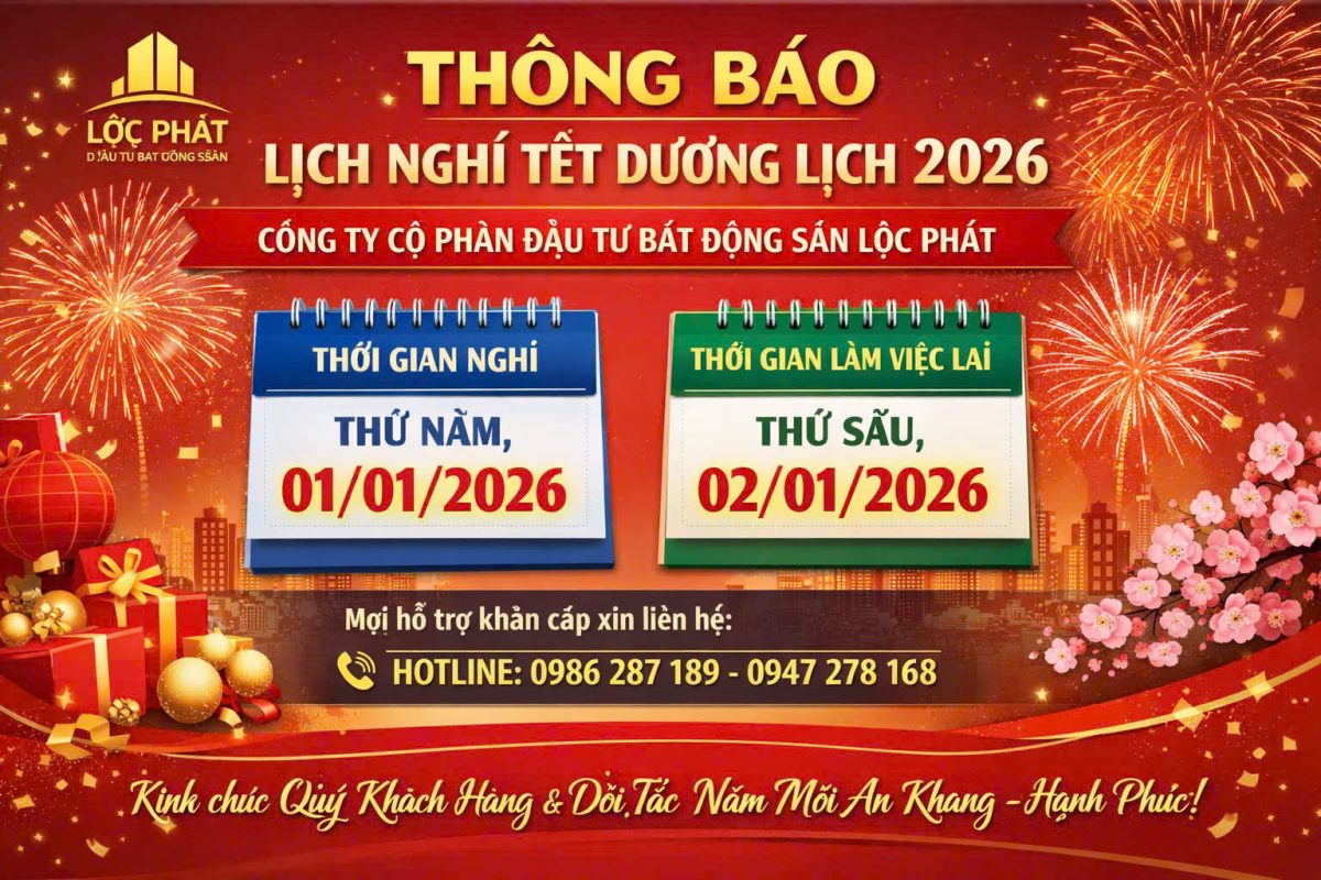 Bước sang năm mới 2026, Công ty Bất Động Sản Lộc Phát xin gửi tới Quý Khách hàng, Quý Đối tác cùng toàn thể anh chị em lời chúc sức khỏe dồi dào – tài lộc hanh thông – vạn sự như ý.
...
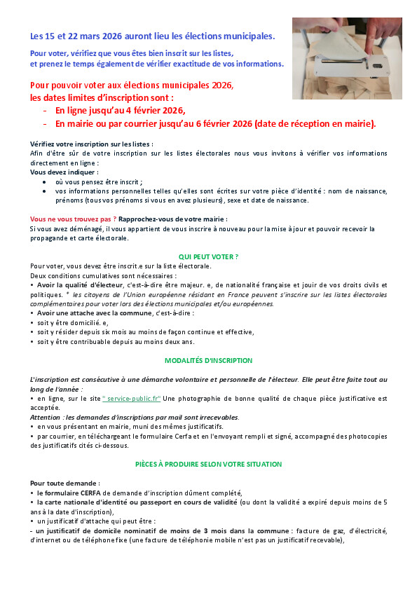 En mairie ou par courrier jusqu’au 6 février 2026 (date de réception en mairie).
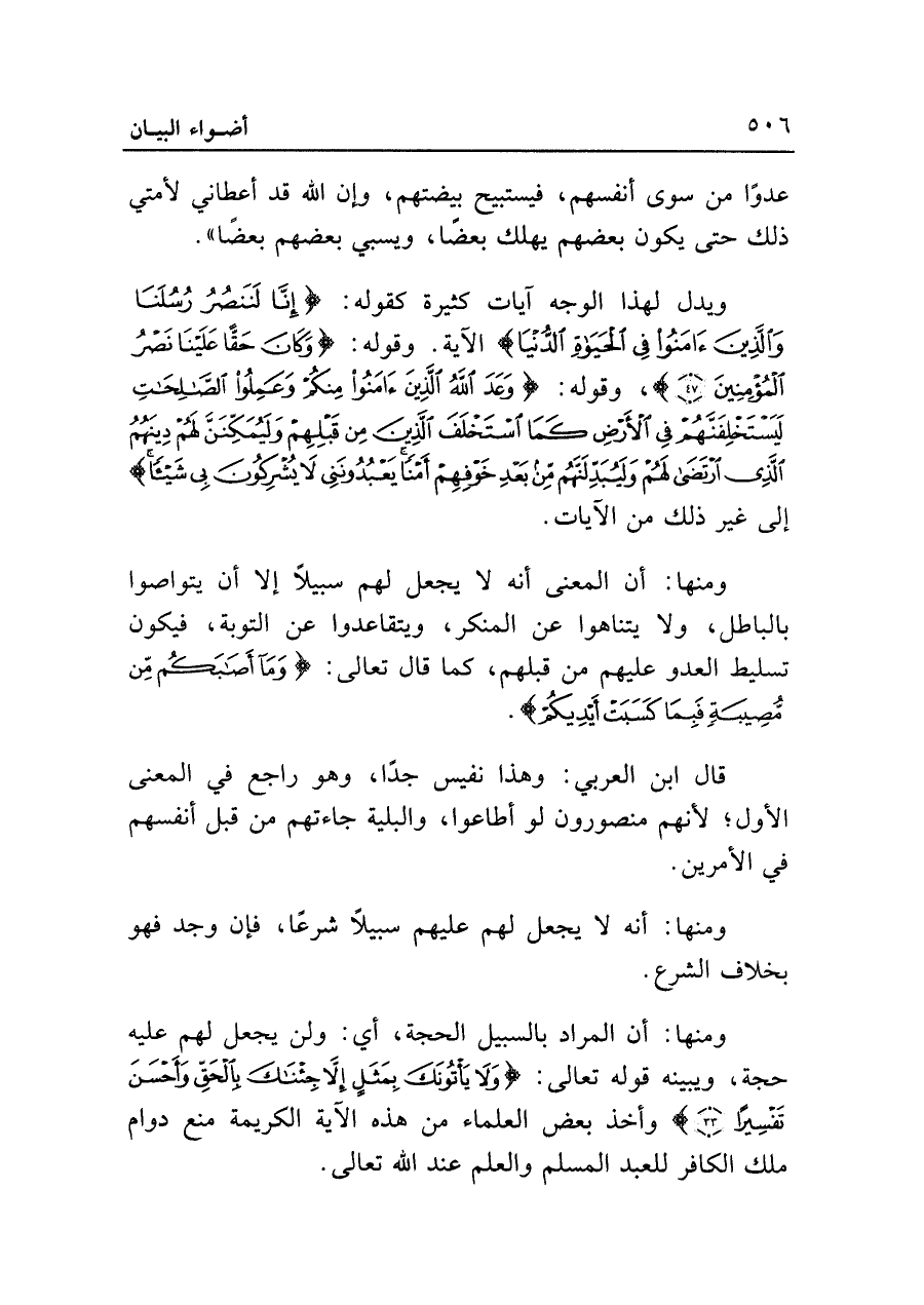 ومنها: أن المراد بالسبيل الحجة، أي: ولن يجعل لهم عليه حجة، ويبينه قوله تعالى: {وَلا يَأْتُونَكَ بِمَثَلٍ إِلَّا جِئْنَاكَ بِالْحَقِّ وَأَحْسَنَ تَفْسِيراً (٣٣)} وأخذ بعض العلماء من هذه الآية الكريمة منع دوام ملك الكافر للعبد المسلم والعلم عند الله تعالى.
==
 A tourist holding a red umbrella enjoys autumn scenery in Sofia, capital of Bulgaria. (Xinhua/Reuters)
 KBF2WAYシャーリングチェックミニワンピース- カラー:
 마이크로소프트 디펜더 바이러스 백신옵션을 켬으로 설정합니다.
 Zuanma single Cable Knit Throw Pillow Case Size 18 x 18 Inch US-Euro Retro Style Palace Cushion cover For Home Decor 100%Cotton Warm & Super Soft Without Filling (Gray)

== PROMPT ==
Return word for word the lines above from the line with "마이크로소프트 디펜더 바이러스 백신옵션을 켬으로 설정합니다." to the line with "Zuanma single Cable", including both and leaving out all others.

== ANSWER SECTION ==
 마이크로소프트 디펜더 바이러스 백신옵션을 켬으로 설정합니다.
 Zuanma single Cable Knit Throw Pillow Case Size 18 x 18 Inch US-Euro Retro Style Palace Cushion cover For Home Decor 100%Cotton Warm & Super Soft Without Filling (Gray)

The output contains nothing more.